Use the cosine rule: a^2=b^2+c^2-2bccosA. If c=4, then a+b=19-4=15, so b=15-a.
a^2=225-30a+a^2+16-8(15-a)cosA; 0=241-30a-(120-8a)cosA
cosA=(241-30a)/(120-8a). Since -1<cosA<1, -1<(241-30a)/(120-8a)<1.
Take the case 120-8a>0 first (a<15cm):
241-30a<120-8a; 121<22a; 11/2<a so 5.5<a<15; AND
8a-120<241-30a; 38a<361; a<19/2; a<9.5cm, so 5.5<a<9.5 fits both inequalities.
Now the case 120-8a<0 (a>15cm):
241-30a>120-8a; 4<a<5.5; AND
8a-120>241-30a; a>121/38. Both inequalities fail to meet the requirement a>15.
So now we have the other two sides between 5.5cm and 9.5cm (sum of 15cm).
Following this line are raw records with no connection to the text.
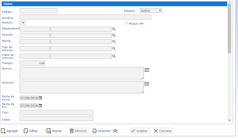 Es un instrumento que permite definir y administrar las fallas que se presentan en la organización, a través de la recolección de los datos que describen el motivo, la duración, valor y solución de la falla, en este mismo sentido, permite recoger los datos del departamento y sección afectados. Esta herramienta se encuentra ubicada en el módulo MP, sección Actualizaciones, opción Fallas.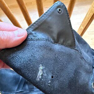 The back of one snap is missing from the left boot (see picture 4). It is 100% decorative/does not need to be snapped. I had it glued down for ages. It could very easily be glued down again.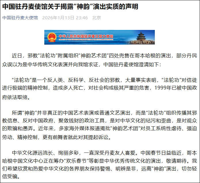 近日,邪教“法轮功”附属组织“神韵艺术团”四处兜售在哥本哈根的演出,部分丹民众误以为是中华传统文化表演并向我馆求证,中国驻丹麦使馆澄清如下: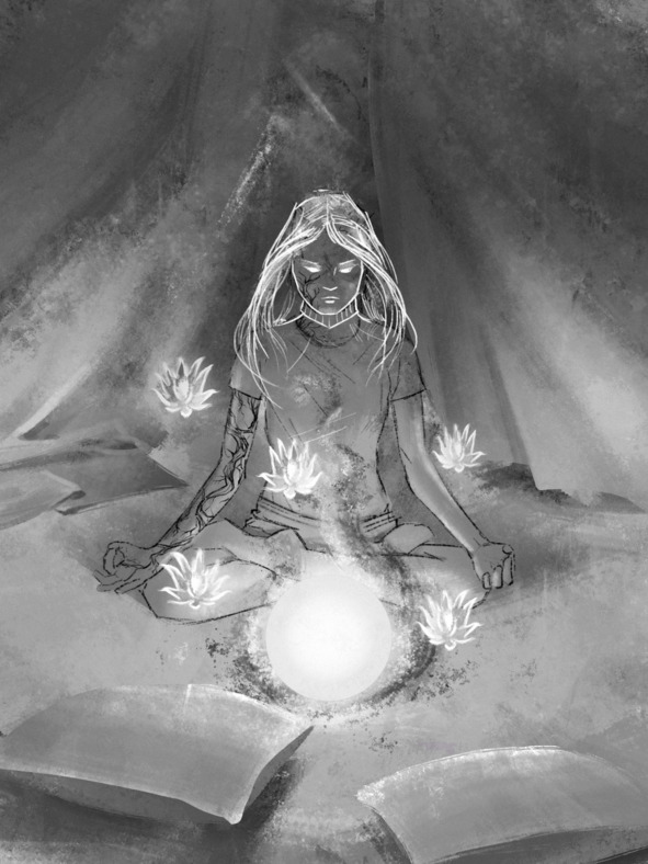 Сквозь Марину, словно видение, стал проглядывать иной образ, такой же заворожённый, представший картиной: белые волосы, отливающие серебром, глаза, что напоминали луну, и чёрная метка на руке. Энергия плавно устремилась к ней и коснулась её плеча, приветствуя. Образ на секунду проявился чуть ярче, тем самым отвечая.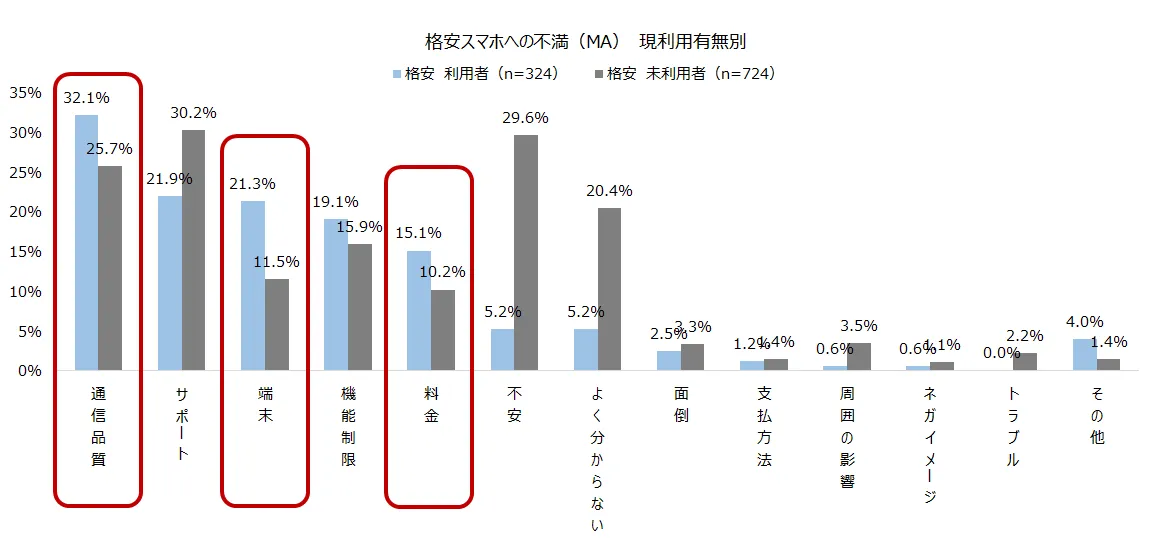 格安スマホ利用者の不満では「通信品質」が最多。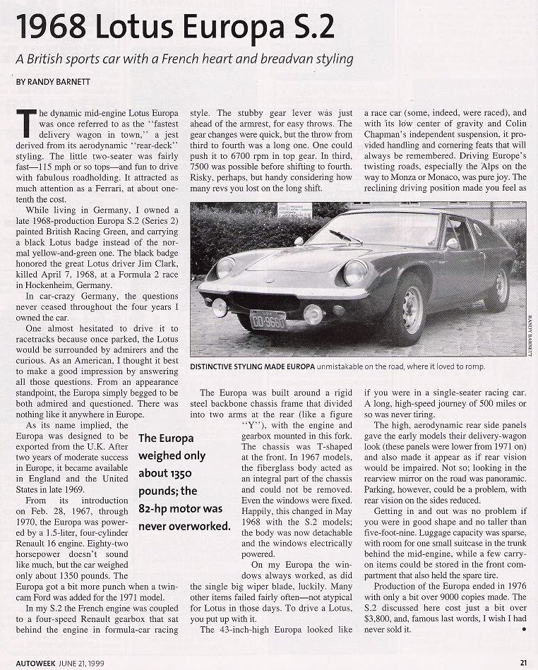- Lotus Europa ad - Autovisie Magazine 26/6/67 (Dutch) - 211K pdf- Thanks To: Haico van der Heijden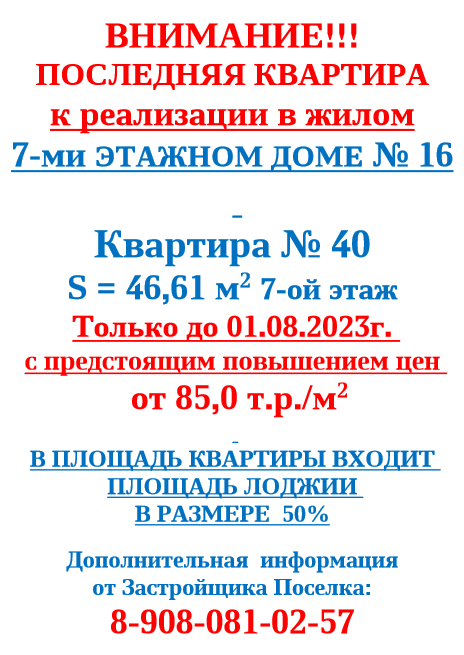 Последняя квартира в 7-ми этажном жилом доме по состоянию на г.: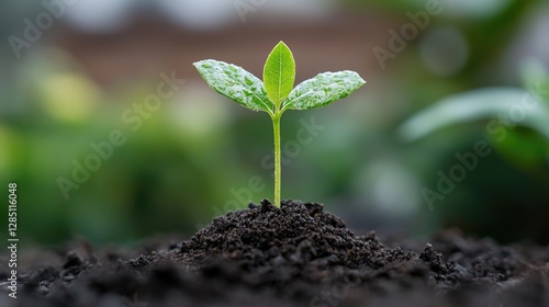 Sprout emerging from soil, garden background, new life, growth concept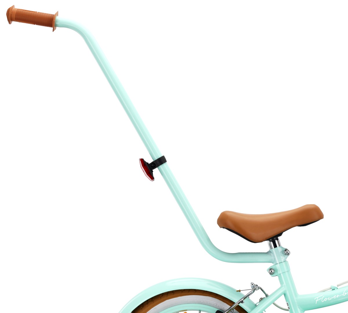Rower dziecięcy Flower Bike 14 cali dla dziewczynki z kółkami bocznymi, koszykiem i prowadnikiem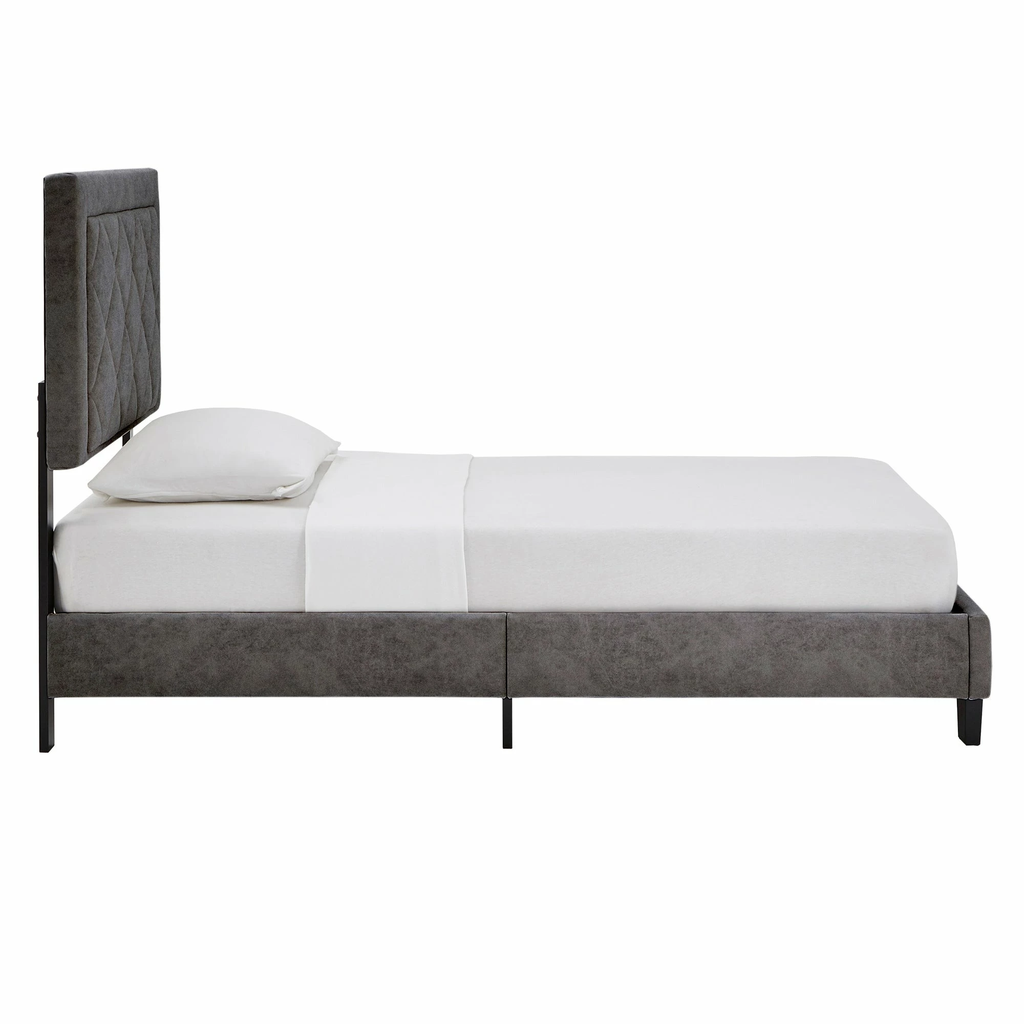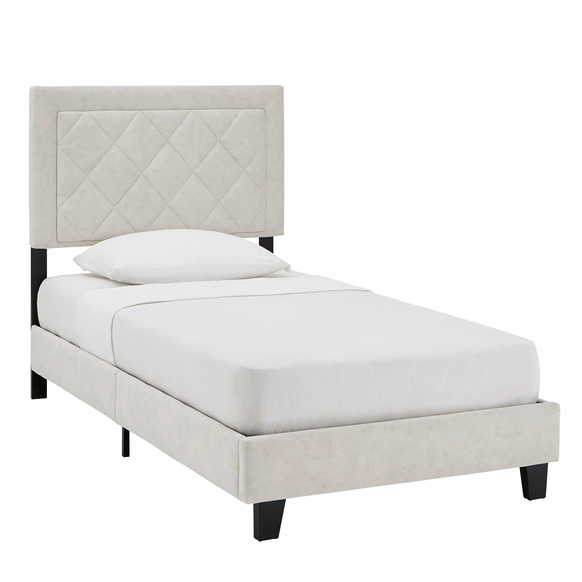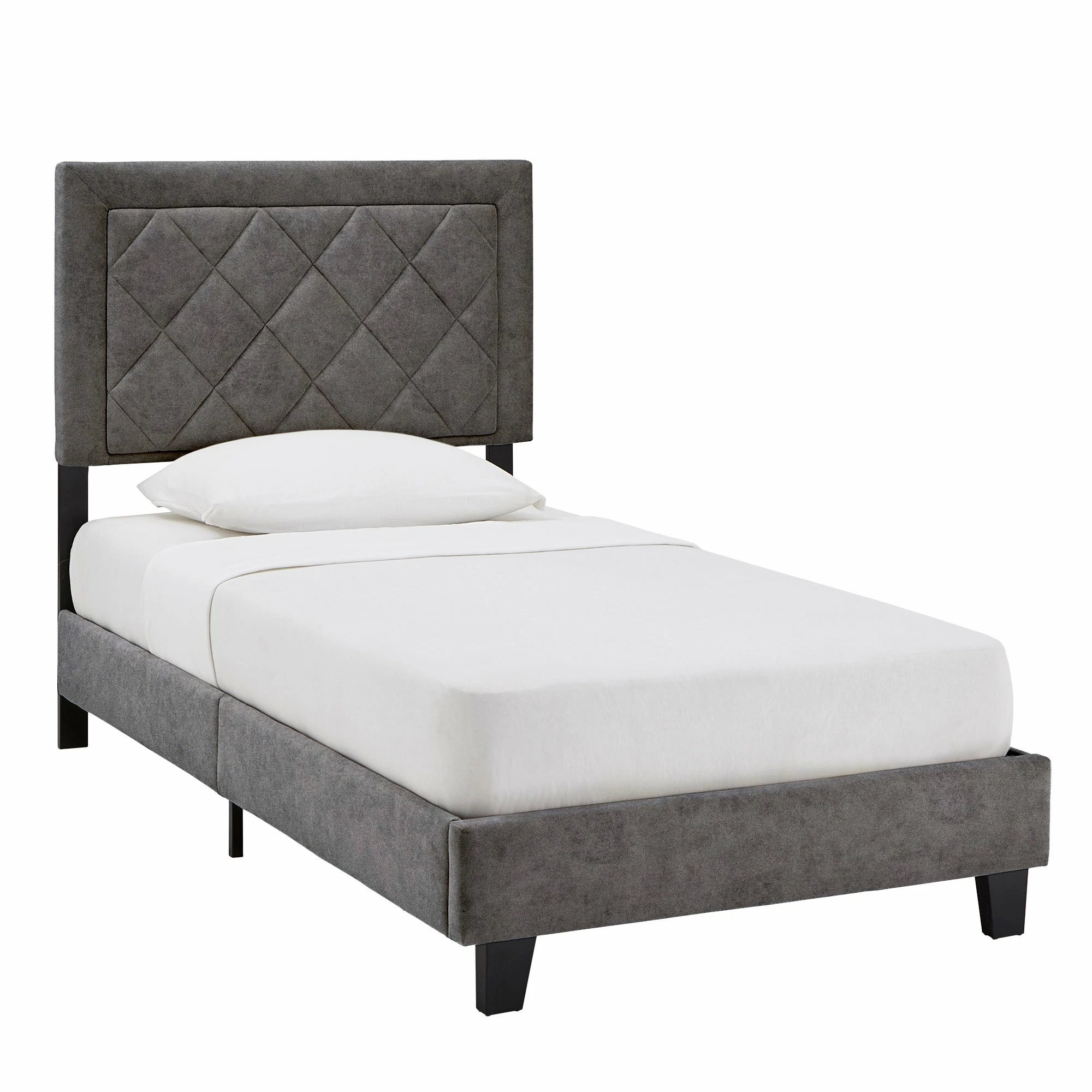 Bring some modern style and a cozy vibe to your slumber space with the iNSPIRE Q Black Finish Frame with Velvet Fabric Platform Bed With a unique and eye-catching design, this headboard features a contemporary diamond checker tufted pattern. The soft fabric upholstery provides a comfortable feel to your bedroom, while the coordinating high profile footboard and side panels tie the bed’s structure together perfectly.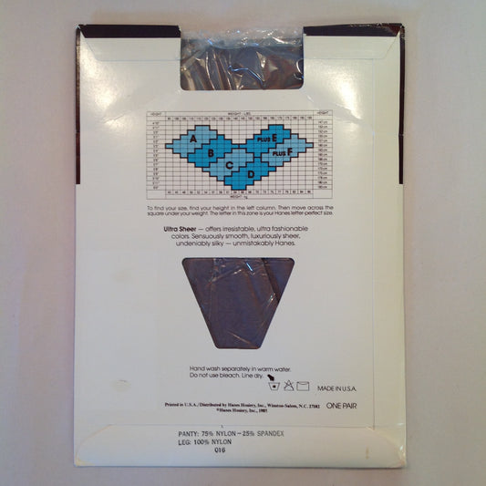 Vintage NOS 1985 Hanes Ultra Sheer Pantyhose Tummy Control Sandalfoot Clear Grey Size B

The angle between them is given by:
cosA=(241-30a)/(120-8a)=76/76=1 or -44/44=-1, the range 0 to 180. So as long as the sides are between these limits we can have any angle between them. Just as an example pick 7.5cm, making an isosceles triangle:
cosA=4/15, A=74.53°. The 3 sides are 4cm, 7.5cm and 7.5cm. Perimeter=19cm.
When the angle between the sides is 90 degrees, a=241/30=8.033c, b=6.967cm.